A fascinating comparison here is how the Yankees handled closer Mariano Rivera’s contracts over the years. For the first six years of his Yankee career, Rivera signed a series of one year contracts, 1995-2000. At age 31 in 2001, Rivera signed a 4 year deal; in 2005 the 35 year old Rivera signed a 2 year contract; in 2008, at 38, Rivera signed a 3 year deal for $45 million (or $15 million a year).
In 2010, 40 year old Mariano Rivera had a tremendous season: 33 saves, 1.80 ERA, .83 WHIP. Rivera’s current contract ended this month. Brian Wilson, who had 48 saves and a 1.81 ERA, will be 30 years old when his current Giants contract ends.
Sergio Romo– signed a 1 year contract for $416,500 in March 2010. His 2010 numbers were excellent: 2.18 ERA, 70 strikeouts, and 46 hits in 62 innings pitched. The 6 home runs were a bit high, but that’s the nature of his breaking ball, off-speed pitching style. Led the team with 22 holds. Should be time for a raise and a multi-year deal.
Ramon Ramirez– only had time to pitch 27 innings during the regular season but put up a nasty 0.67 ERA and .89 WHIP. Had a tough post season at 0-1, 4 innings pitched, 6 earned runs. His 2010 $1.15 million Boston contract will not be the preferred starting point for Giants GM Brian Sabean.
Javier Lopez– his tremendous success as a lefty specialist is illustrated by Lopez’s regular season numbers: 77 games, 57.2 innings pitched– or about 2/3 of an inning per appearance, and a great 2.34 ERA. But it was in the post season that Lopez became a lefty legend: 5.2 innings pitched, 1 hit allowed, 6 strikeouts, a 1.59 ERA, and a 1-0 record.
Came to the Giants with a 1 year $775,000 contract from Pittsburgh, via the Red Sox and Colorado. Absolute gold for San Francisco’s bullpen, and at 33 Lopez should be a shut-down machine against the the National League’s elite left-handed hitters for the next five years.
Jeremy Affeldt– in the middle of a 2 year $9.5 million deal, with a club option in 2012. Injuries made 2010 forgettable, with a 4.14 ERA and 24 walks in 50 innings. Look for a solid bounce back year in 2011.
Santiago Casilla– another one year contract at $420,000. The good news for the Giants is that 2011 will be Casilla’s second arbitration year and he will not become a free agent until 2013. Provided serious heat from the bullpen all year and posted a 1.93 ERA in four 2010 post season games. Will likely get another single year deal.

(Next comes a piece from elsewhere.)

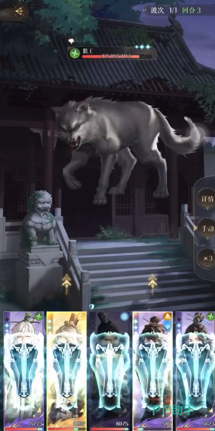 从第4回合之后,重复以上的几个步骤即可,打法重点就是观察狼王的三能量大招释放时机,卡在狼王放大招之前,用颜良的嘲讽更吸引火力,然后再使用史子眇回血大招补状态,两者顺序不可颠倒。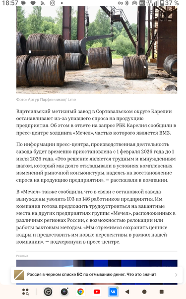 Кому суждено утонуть тот не сгорит. ![]() А так как я много читаю то практически зарядку на планшет и не выключаю. Что касается закрытия в Карелии завода... Ну дыть - капитализЬма в России... Что то закрывается что то открывается... Владельцы баблишко считать научились, где и что выгодно.... Ну а люди... Ну дыть, повторюсь - КАПИТАЛИЗЬМА.... Кто то сможет "" перестроиться"" ... Кто то впадёт в депрессию и сопьётся. Это жизнь... Социализм закончился в 1991 году... И нет того общества названного "" общество социалистического оптимизма""... Когда утром просыпаешься и реально знал что будет завтра и строил планы.... По всему миру такая же хрень капиталистическая... Но это я просто разговор поддержал... Вон и в Кузнечном карьер снизил добычу гранитного щебня... Часть людей пока в отпуска закинули...

Guillermo Mota– the big dog contract-wise with a $750,000 2010 deal. Hardly used in the post season (2.1 innings) and a so-so 2010: 1.31 WHIP, 4.33 ERA. What Mota brings to the party is the ability to jump into games gone bad and horse out three innings. If someone goes missing from last season’s bullpen, it will be Mota.
Chris Ray– coming over from Texas in the Bengie Molina deal, Ray brought a $975,000 contract. Good sinkerball specialist who can induce doubleplays when needed, but if Ray remains on the staff his role will likely dictate a pay cut.

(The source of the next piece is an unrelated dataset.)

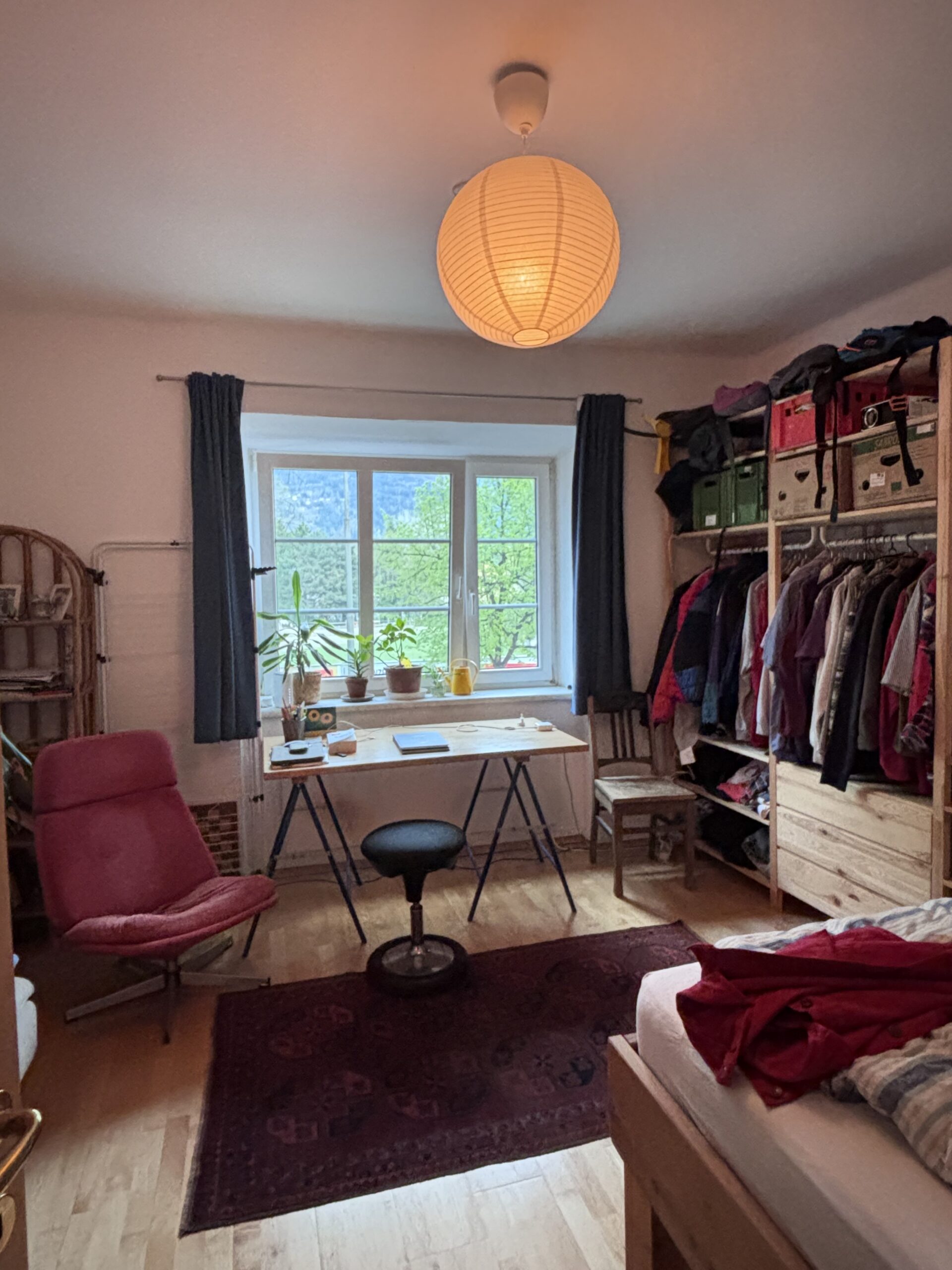 In unserer Zweier-WG wird zum ersten Mai ein Zimmer frei. Das Zimmer hat etwa 17 Quadratmeter und ein großes Fenster mit unverbauten Blick auf die Nordkette. Durch das Fenster kommt sehr viel Licht in das Zimmer. Die gesamte Wohnung ist großzügig geschnitten, mit einer riesigen, gut ausgestatteten Küche und einem Badezimmer mit Fenster und Badewanne. Zusätzlich gibt es einen kleinen Garten hinterm Haus, in dem man im Sommer gut Zeit verbringen kann. Zu Wohnung gehört außerdem ein geräumiges Kellerabteil und zudem wurde im Keller eine kleine Radlwerkstatt eingerichtet, die bei Bedarf mitbenutzt werden kann.

Dan Runzler– making the MLB minimum and under the Giants’ control for a long time; not arbitration-eligible until 2013, no potential free agency until 2016. Runzler has the potential to be a dominant pitcher in the National League– either as a closer or starter (depending on which way the team goes with him). One way or another, Runzler will be a major factor in this team’s future, possibly as a valuable trade chip.
Giants’ management has all the puzzle pieces here to create a powerhouse 2011 bullpen and continue the high performance standards set by the 2009 and 2010 San Francisco bullpens.